As an example, we might have some particularly painful or depressing memory that is stored inside our mind. We stop to meditate, and this particular story begins to play itself. Because of our tendency to indulge thoughts that contain a strong emotional charge to them, these are the ones that require the most time from the meditators perspective.
Indulgence has two polarities, one polarity is to resist a particular thought. It is painful, we don’t want to have it, we suppress it or push it way down. We find some distraction to keep us from having to process this pain. In the opposite polarity, we get lost in the emotional or thought process, giving our mental energy away to this story. We continuously replay and rehash the memory, and this is another way of keeping the story alive. Many people prefer to hang on to even the most painful and depressing stories inside because it keeps the story alive. It keeps the self intact. Bad press is better than no press.
Meditation is no press. It is a position of indifference and neutrality to the thoughts that come and go inside our minds. This can be extremely uncomfortable for the self, because it is basically a small death. Each thought or story is a mini-me, and all of these thoughts and stories collectively form our sense of self, or the ego. So each time one of them comes up and is simply ignored through the process of meditation, it is a small starving of the ego. A little piece dies, another slice of “me” is discarded.

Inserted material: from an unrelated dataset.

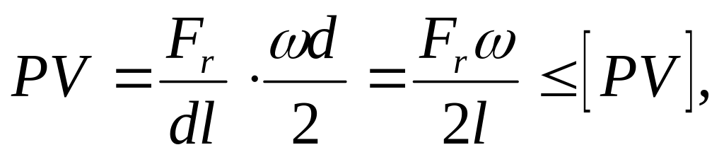 где V– окружная скорость цапфы. [PV] определяется в зависимости от материалов вала и вкладыша и характеризует удельную работу сил трения. Расчет по [PV] гарантирует нормальный тепловой режим и стойкость против заедания.

The mind hurts, it tries to cover up this emptiness that is exposed. It doesn’t know how to work without the continual self-referential story. The challenge to the meditator is to understand this mechanism, both experientially and scientifically. We come to understand the ego for what it is, and how it needs to be dropped. The vacuum that remains when we let our self drop away becomes larger and larger, we start to feel that clear, timeless consciousness inside of us.